Этот момент, который невозможно описать, который может быть доступен только при высочайшем действе (13), без конца перекрывается языком в его противоречивом движении, поскольку литература стремится избавиться от того, что есть «в избытке». Это и есть жертвоприношение, при котором «сами слова суть жертвы» и которое резко ставит под вопрос саму поэзию, чтобы та получила доступ к жертвенной роли сакрального и искусству. Так, пещера Ласко(14) являет собой странное обиталище. Образующаяся там материя делает из этого пространства место того, что продолжает быть. В человеке сосредотачивается и собирается в единое целое вся его сокровенность и эта сокровенность всем своим весом давит на пребывающее в ожидании пустоты одиночество. Переступив порог пещеры, эту границу инициации, каждый человек открывает себя сообщению. Поперечный подъем или головокружительное падение ночи времен в бесконечную незавершенность заканчивается лишь со смертью. Вертикальное движение тех, кто, возможно, уже нашел друг друга, или тех, кто еще продолжает искать в муках этого священного «ужаса». Лежащая на дне этого колодца поразительная и всеобъемлющая история заключена в следующей драме: ужас, в котором умирают оба существа, превращается в исступление необыкновенного чувства, когда красота без стеснения поражает сознание того, кому ничего не остается, как ухватиться за высвободившуюся сущность. Вечное отсутствие превращается тогда в присутствие обретенного времени. Младенчество эпохи — это исследуемое сознание. Речь не идет ни о потерянном рае, ни об утраченном золотом веке. Здесь речь об открытии фундаментального отношения к детству с его наивным очарованием.

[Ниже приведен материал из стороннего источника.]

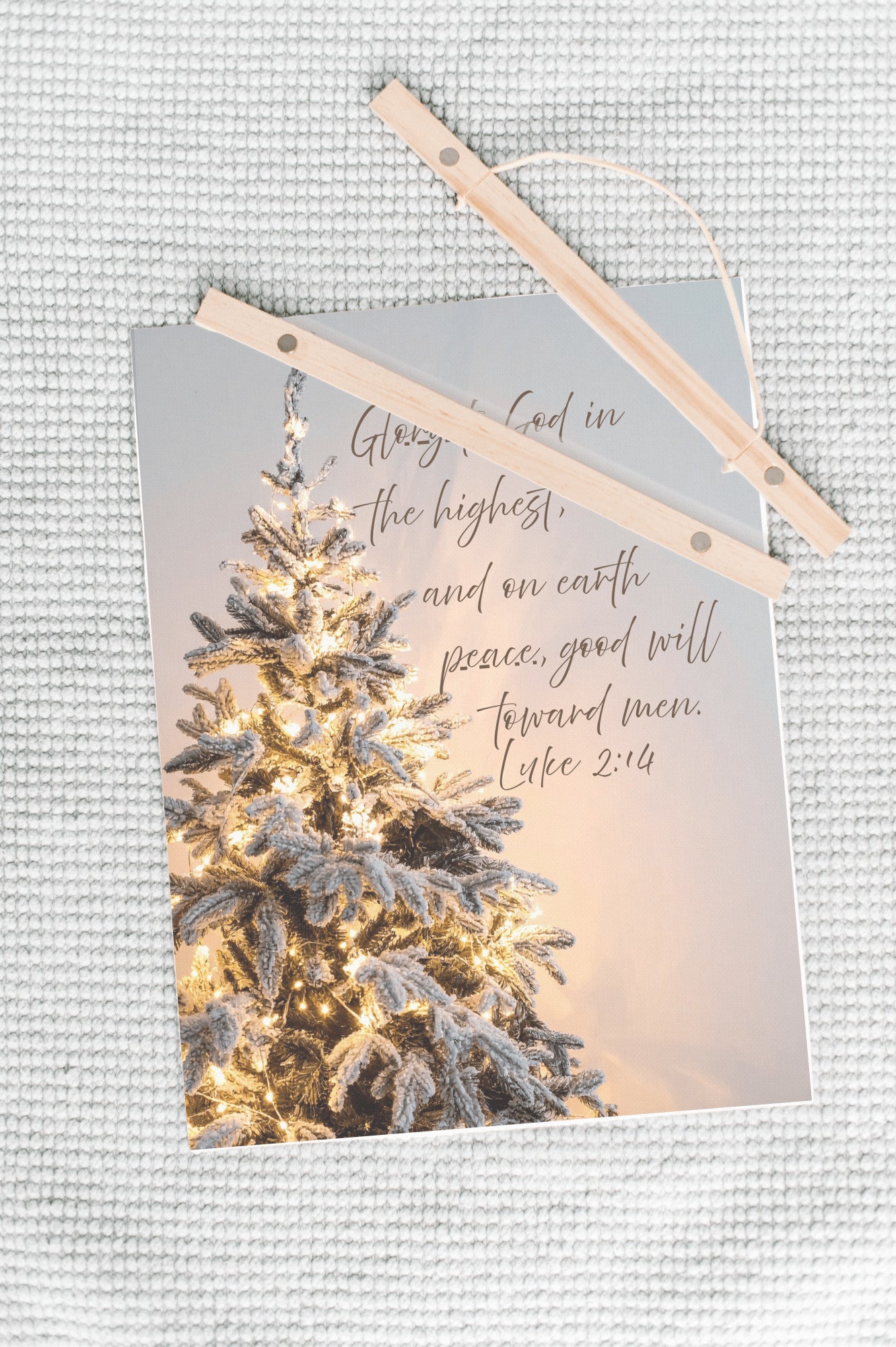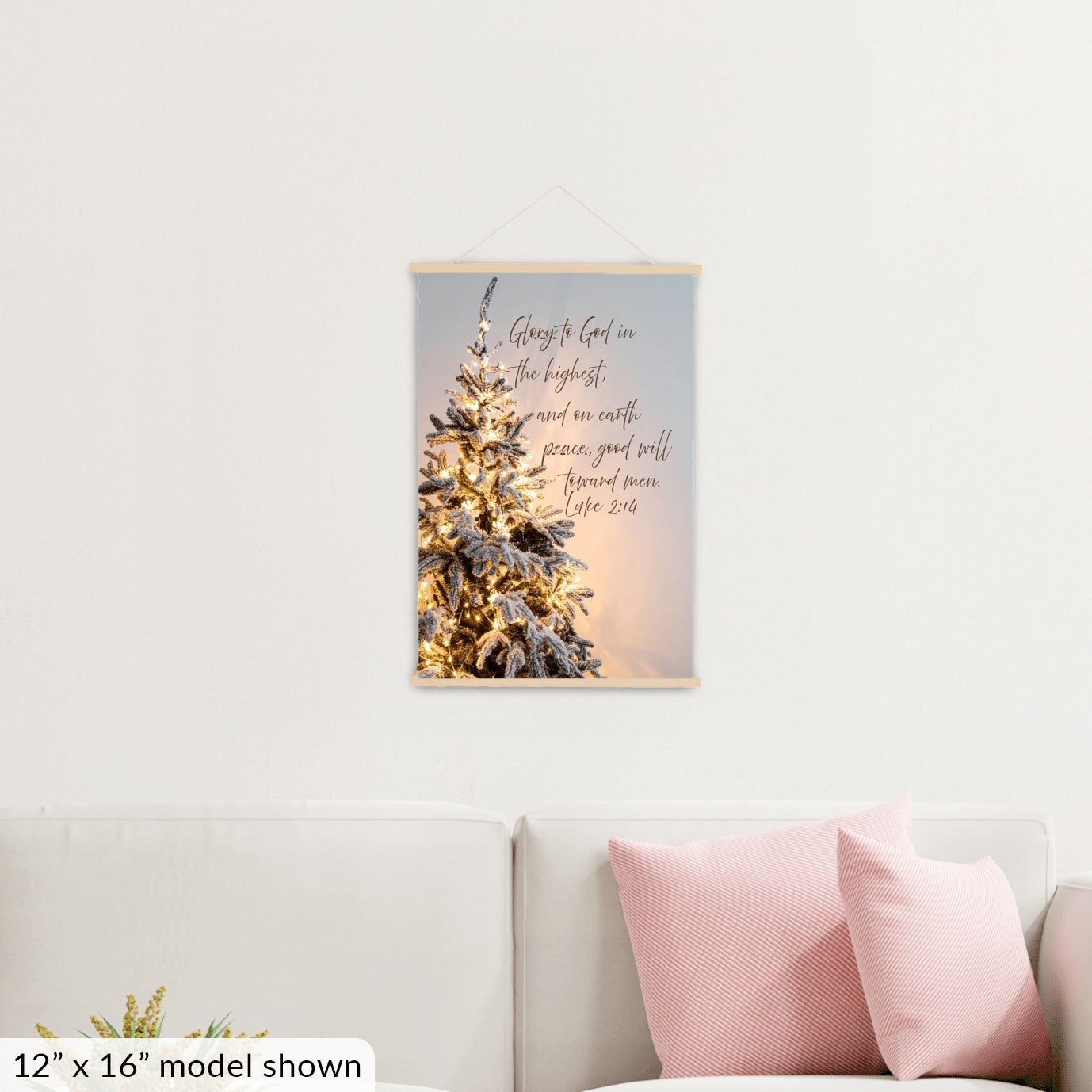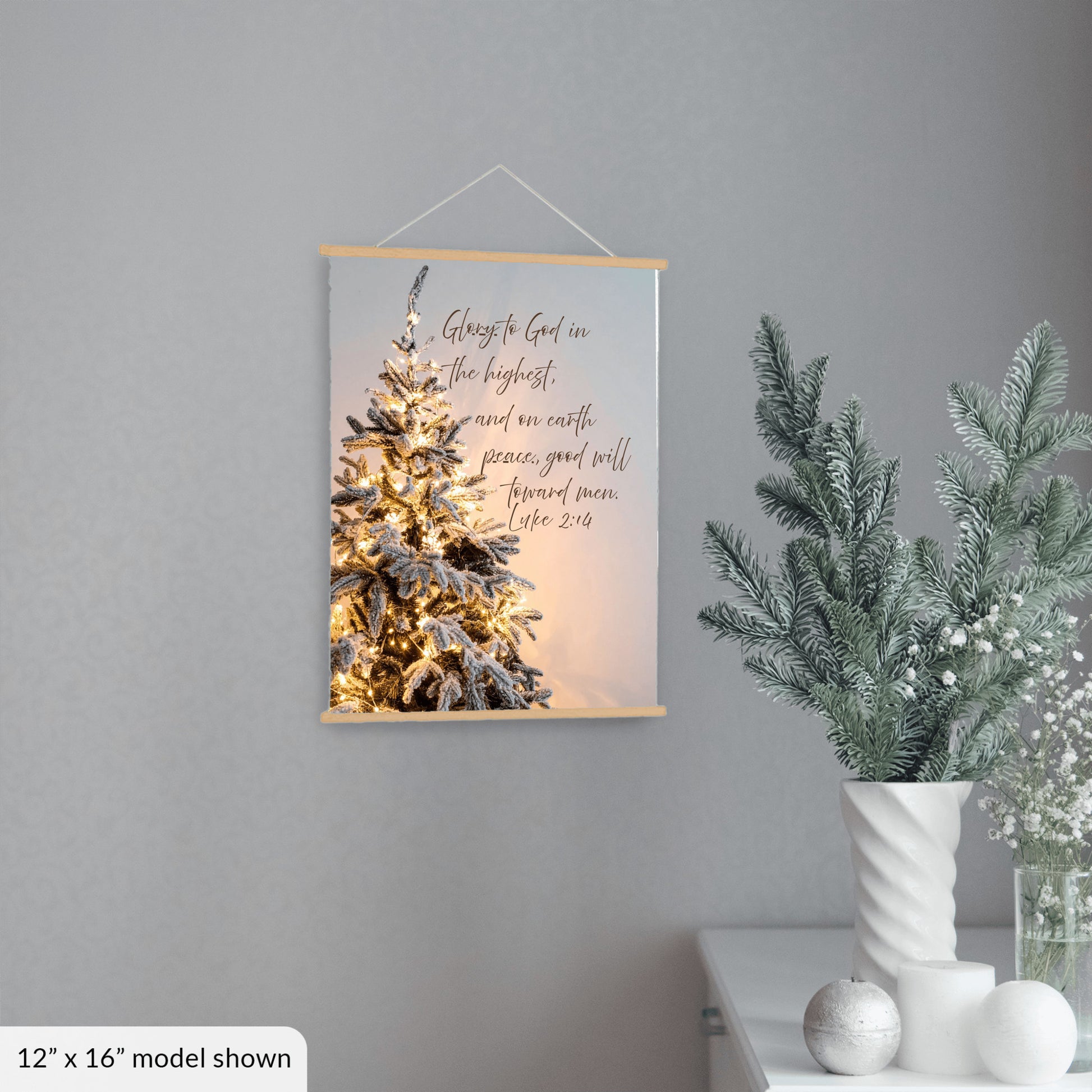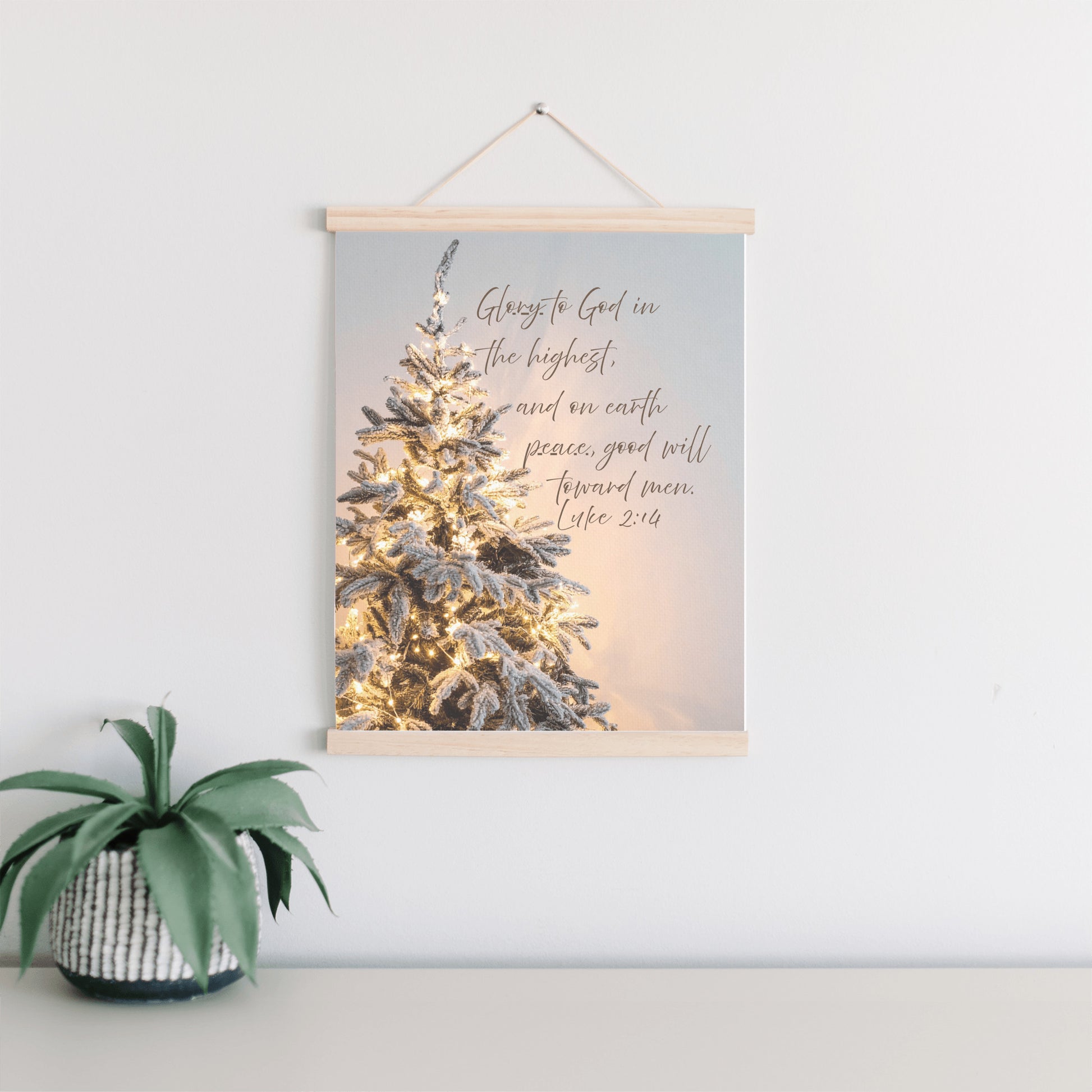 Celebrate the true meaning of Christmas with this elegant hanging canvas featuring the timeless scripture from Luke 2:14: “Glory to God in the highest, and on earth peace, good will toward men.”

При передвижении из одной комнаты в другую высвобождается переизбыток жизни, чья энергия хлещет через край. Стена оказывается отражением сознания, возвращая нам образ той идентичности, что ищет саму себя с тех пор, как человек понял, что наделен памятью. Плененный изнутри свет отражается в отблеске, где и перестает существовать. А красота освещает мрачную ночь времен в тот самый миг, когда человек отличил себя от животного, чтобы затем интегрировать его в свой самый непосредственный универсум. Это в высшей степени религиозное место становится средоточием элементарного язычества, в котором ощущается ветер первоначального празднества. Конечно, именно здесь «суверенность празднует свою свадьбу со смертью»... Пещера Ласко, похоже, указывает нам на ту точку, где лучится невозможное и бесконечно возобновляется искусство. В этом «брутальном» состоянии оно вырывает человека из всякого идентифицирующего антропоморфного образа и подписывается под своим происхождением от природы, от самой животности.

Перевод С. Б. Рындина




1. См. нашу работу: L’aeuvre de la mort et la pensee de Georges Bataille? A partir de L’Impossimble, 1981
2. Батай Ж. Невозможное / Пер. с франц. Е. Д. Гальцовой // Батай Ж. Ненависть к поэзии. М., 1999. С. 249. — Прим. пер.
3. Там же. С. 267. — Прим. пер.
4. Там же. С. 275. — Прим. пер.
5. Там же. С. 250. — Прим. пер.
6. Там же. С. 268. — Прим. пер.
7. Там же. С. 241. — Прим. пер.
8. Там же. С. 250. — Прим. пер.
9. Там же. С. 304. — Прим. пер.
10. Ролан Барт.
11. Батай Ж. Невозможное. С. 300. — Прим. пер.
12. Батай Ж. Литература и зло. М., 1994. — Прим. ред.
13. Высочайшее действо — действо «человека, превосходящего свои возможно ведущего жизнь «на вершине невозможного».
14. Bataille G. Lascaux ou la naissance de l’art. Ed. d’art Albert Skira.